Both are good suggestions, it's not really about how long the user takes to login though, it's the process of logging out, when someone clicks logout they are redirected to the login page with an info message telling them that they have logged out... Nonetheless I will certainly try using a normal form and see what happens!

As for Seam 3.0 I would love to get involved.

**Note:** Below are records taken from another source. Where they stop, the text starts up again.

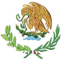 Interpretation of Mexican Eagle 1916
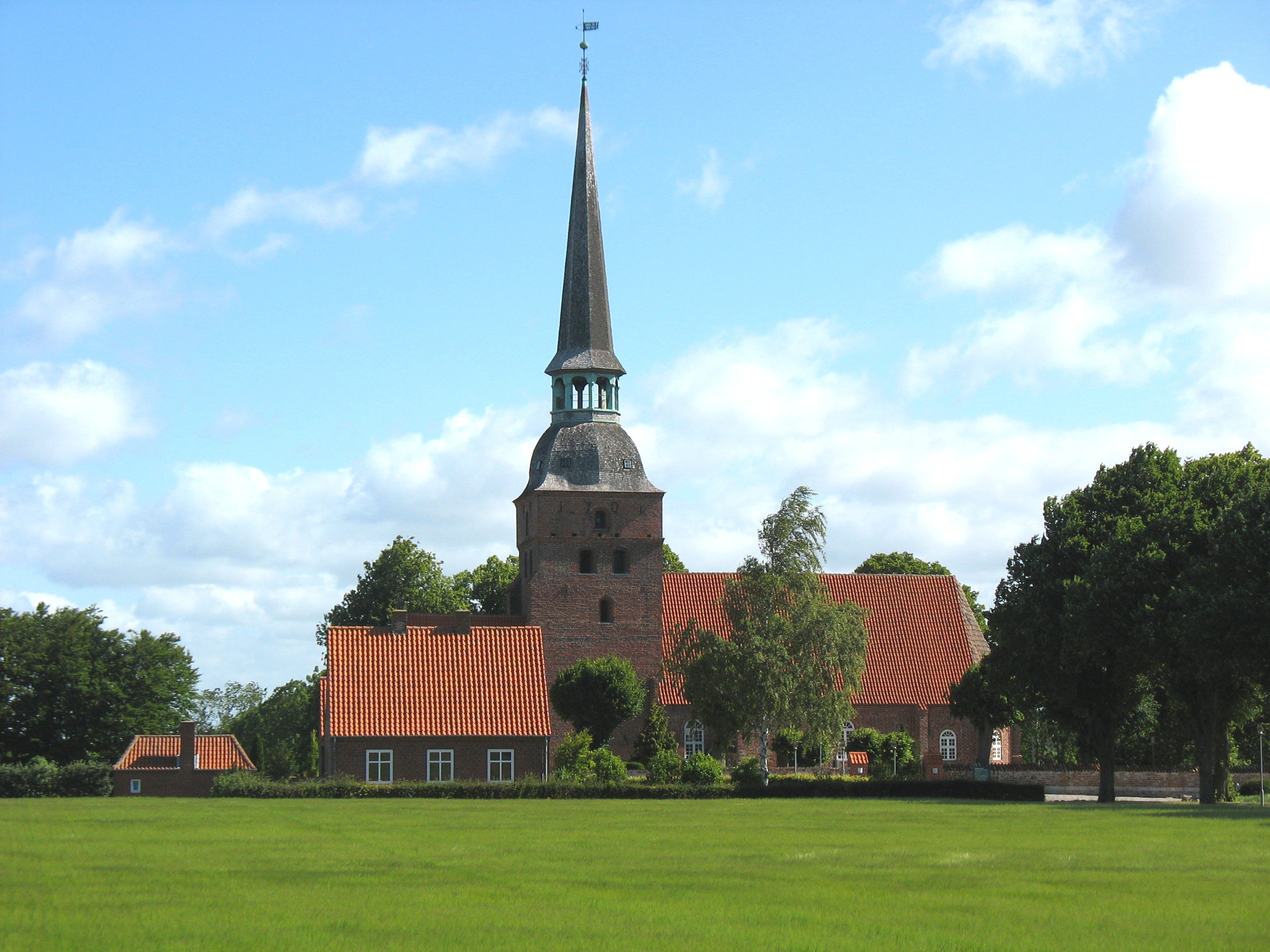 The church "Kippinge Kirke" located on the Danish island Falster.
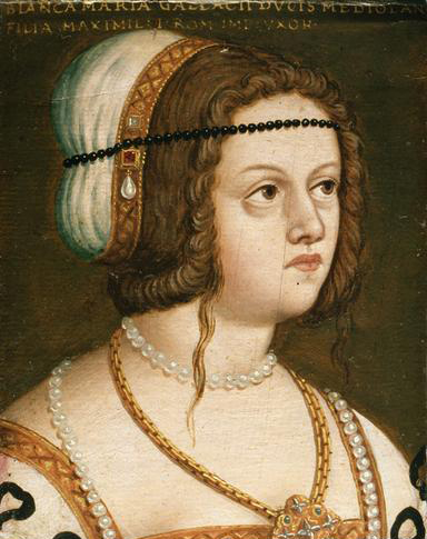 Bianca Maria Sforza
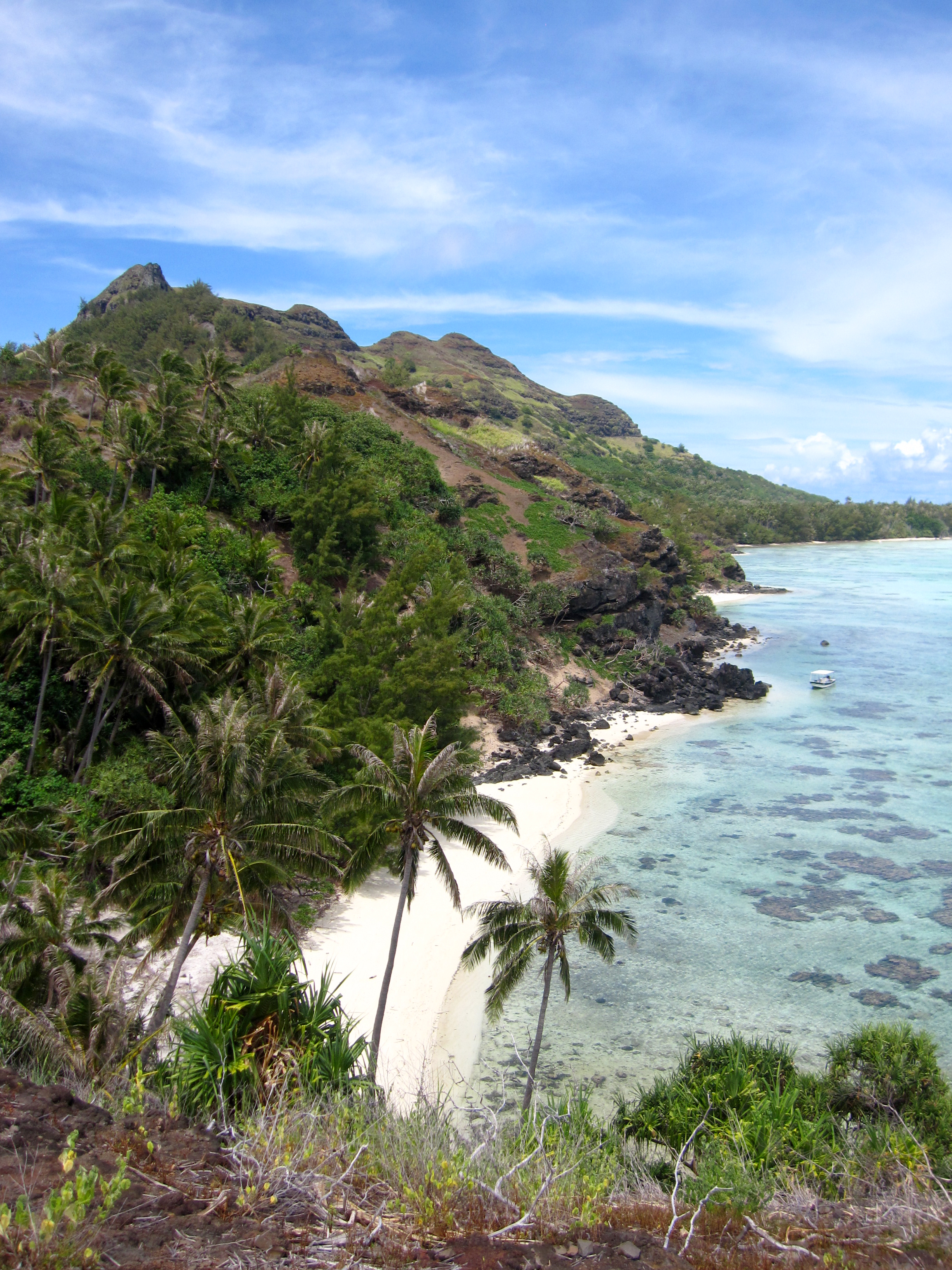 View on Akamaru island on January 2 2014.

On 30 May 2009, at 17:58, Dan Allen wrote:

I had managed to get it working by doing: s:link view="/login.xhtml" action="#{identity.logout}" value="Logout" />, basically that logs you out and displays the logout message that our front end guy wants, however until I had put BUILD_BEFORE_RESTORE in place, it kept giving view state exceptions when I tried to log back in.

So you are trying to work around the "user sits on the login page for too long and it times out". There are two alternative ways to work around this problem without BUILD_BEFORE_RESTORE.

#1. You can put a timer on the login page to automatically refresh itself after a fixed about of time so that the user always has a fresh page. You can simply use a meta tag for this or you can get fancy and do JavaScript.

#2. You can use a plain form rather than a JSF form and then process the login using a page action. You can still submit via post, but it will be treated like an initial request. The username and password will be available for injection using @RequestParameter or bound to an object using page parameters.

Give either of those a try and see how it works out for you. Perhaps we can get those suggestions in the knowledgebase.

I'm hoping the transition to Seam 3.0 and JSF 2.0 will be as painless as possible, which is another reason I'm trying to get involved in the dev list, as it seems it's the best place for information on it and over time I want to see how I can contribute to it.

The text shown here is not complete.